» **Given data**:
*** Begin section ***

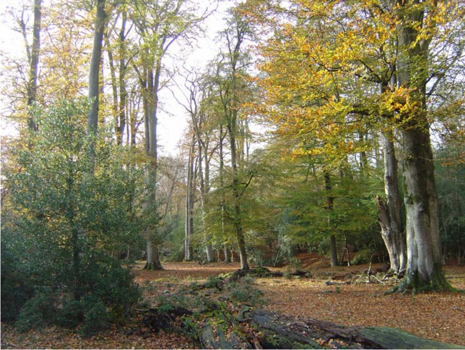
Figure A3.4. Wood Crates, one of the ancient woodlands of the New Forest, of exceptional value as habitat for wildlife.
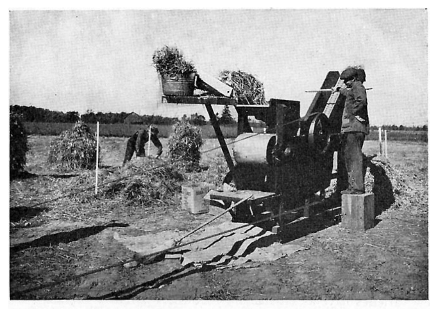
Fig. 3. Threshing small plots of beans. The nine plots of each variety are assembled and stacked in order, a layer of straw keeping each one separate. The beans are allowed to dry in these stacks until they are ready to be threshed.
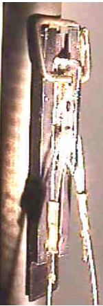
PW 56 Detachable hounds fitting Comprises a slide (& mast Insert) that Fixes to the Mast & a track insert To attach shrouds / jib £ 7.25

Adjustable height main sheet Post supplied 2 pieces of telescopic Tube plus acetal sheeting nipple. Also available moulded glass fibre Outer tube, for where corrosion is a problem £5.00
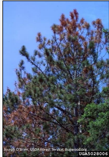
Diplodia kills needles at the tips of branches. Symptoms often start on the lower half of the tree and progress upwards.
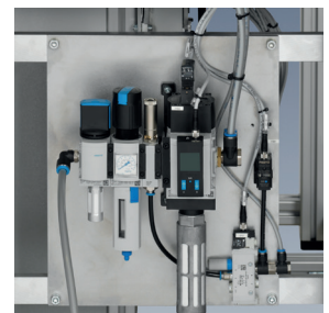
Detail of stacking factor
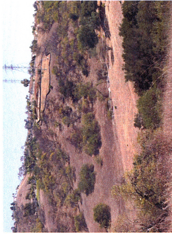
Views from Habitat Authority's Black Walnut Trail looking southeast.
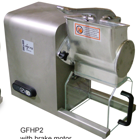
GFHP2 with brake motor
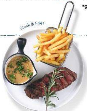
Steak & Fries

One set per person No service charge www.o-delice.com #o.delice CódiceRestaurants
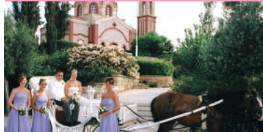
St George's Church - Paphos

This stunning chapel is the ideal place to get married if the idea of an intimate wedding interests you. Holding 30 guests comfortably making it even more private and special, the architectural touches give it an authentic feel, setting the perfect scene on your special day.
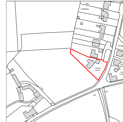
Location Plan Scale: 1:1250

*** End section ***

» **What to work on**: If a picture sits between the line containing "PW 56 Detachable" and the line containing "St George's Church - Paphos", leave it out, and return the lines of that range above exactly, both ends included.

» **Response to this exercise**:
PW 56 Detachable hounds fitting Comprises a slide (& mast Insert) that Fixes to the Mast & a track insert To attach shrouds / jib £ 7.25

Adjustable height main sheet Post supplied 2 pieces of telescopic Tube plus acetal sheeting nipple. Also available moulded glass fibre Outer tube, for where corrosion is a problem £5.00
Diplodia kills needles at the tips of branches. Symptoms often start on the lower half of the tree and progress upwards.
Detail of stacking factor
Views from Habitat Authority's Black Walnut Trail looking southeast.
GFHP2 with brake motor
Steak & Fries

One set per person No service charge www.o-delice.com #o.delice CódiceRestaurants
St George's Church - Paphos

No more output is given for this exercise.